Von Jörg Manthey und Jan Lüdeke
Bielefeld (WB). Versprechen gehalten. Die nationale und europäische »Weltklasse«, die Veranstalter TuS Jöllenbeck anlässlich der 27. Auflage seines Internationalen Frauen-Fußballturniers um den Pokal der Sparkasse Bielefeld angekündigt hatte, geizte nicht mit Topleistungen. Das zweitägige Spektakel in der Realschulhalle Jöllenbeck schrieb einmal mehr Geschichte und Geschichten.

Der hoch eingeschätzte finnische Abonnementsmeister HJK Helsinki blieb am ersten Tag sieglos. Keine einfache Situation für Trainer Timo Lounio. »Wir sind es eigentlich gewohnt zu gewinnen und hassen es, zu verlieren«. Die Erklärung für die ersten Resultate (1:4, 1:4, 0:2, 0:2) war denkbar einfach: Helsinki hat keinerlei Praxis in solch »kleinen« Hallen. Turnierreporter Heiko Jaeckel: »Das ist hier eine ganz andere Welt für die«. So wurde der Samstag als »Lehre« angesehen, um die gelernten Lektionen tags darauf in einen 3:0-Sieg gegen Wroclaw umzumünzen. Lounios freche Ansage: »Nächstes Jahr kommen wir wieder und gewinnen das Turnier.«
Vor der vierten Gruppenpartie spielten die Veranstalter eigens für die bis dahin glücklosen Teams von Helsinki und Fortuna Hjørring (1 Punkt) finnische und dänische Popmusik. Während Helsinki bekanntlich weiterhin verlor, setzten die heimischen Klänge bei den Däninnen neue Kräfte frei. Zunächst holte Hjørring seinen ersten Sieg, gewann am zweiten Tag gar alle Spiele bis zum Finale. Da zog Fortuna bekanntlich im Neunmeterschießen den Kürzeren.
Nicht ganz zufrieden mit dem Abschneiden äußerte sich auch Bad Neuenahrs Fußballlehrer Dietmar Schacht, der den Halbfinaleinzug als Ziel ausgegeben hatte. »Unser Hauptproblem war die mangelhafte Chancenauswertung. Wir haben das Halbfinale am ersten Tag vergeigt. Platz fünf passt irgendwie gut zu mangelhaft«. Schacht »lebt Teamgeist und Disziplin vor« und trainiert sein Team »wie Männer. Nur die Ansprache ist anders«. Resümee seines Premierenbesuchs: »Man kann Jöllenbeck zu diesem Topturnier nur gratulieren«.

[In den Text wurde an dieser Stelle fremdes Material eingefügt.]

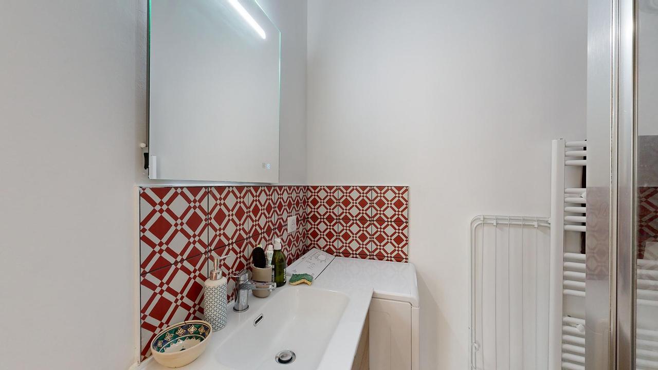 La salle d'eau dispose d'un meuble vasque, d'une douche, d'un lave-linge et de WC.

Gesagt, getan. Der Vorjahressechste FC Gütersloh wollte sich diesmal steigern und landete auf einem achtbaren vierten Platz. Der »durch Zufall reingerutschte« Co-Trainer Dirk van der Ven, früherer Arminia-Profi, weiß die »ganz andere Mentalität« des weiblichen Geschlechts inzwischen einzuschätzen. »Die sind mitunter sehr launisch und zickig«. Van der Ven, ein »dicker Kumpel« von Chefcoach Heiko Bonan beteuert, dass er »Riesenspaß« an der Arbeit mit dem FCG verspüre. »Ich wundere mich selber, dass ich mit solchem Engagement bei der Sache bin«.
Nebenbei entwickelt er neues Projekt. »Ich habe ein Konzept ausgearbeitet für ein Talentförderprogramm für Kinder. Eine Art Stützpunkttraining, bei dem der Nachwuchs fachlich fundiert und gezielt so ausgebildet werden soll, wie es der DFB mal urspünglich wollte«. Ein ähnliches Konzept verfolge der frühere Gütersloher Rob Reekers mit seinen Talentzentren in Enschede.

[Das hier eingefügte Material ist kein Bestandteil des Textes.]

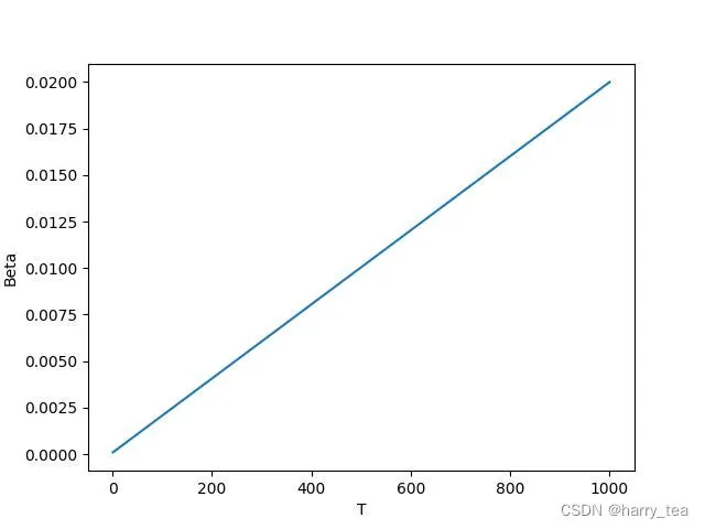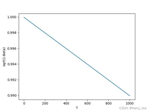 下面是$\beta_{t}$和$\sqrt{1-\beta_{t}}$随着$T$增加的变化曲线

Arminias Fußballlehrer Mark-Oliver Stricker wurde von der Gütersloher Truppe freudig begrüßt. Schließlich feierte er in seiner Zeit beim FCG als Mädchen- und Damentrainer mit dem Gewinn der deutschen Meisterschaft und dem Aufstieg in die Regionalliga die wichtigsten Erfolge mit. Strickers Urteil: »Es macht Spaß, dem FCG zuzugucken. Mich überrascht es nicht, dass Gütersloh so gut mithält. In der Bundesliga herrscht ein großes Gefälle. Als Zweiter der 2. Liga Nord brauchst du dich nicht zu verstecken«. Angesichts der Jugend im Team und der guten Nachwuchsarbeit in Gütersloh prophezeit er dem FCG irgendwann den Aufstieg in die 1. Liga. Sein Tipp: »Die Frauenabteilung muss potente Partner wie Bertelsmann überzeugen und ins Boot holen können und sich dann selbstständig machen«.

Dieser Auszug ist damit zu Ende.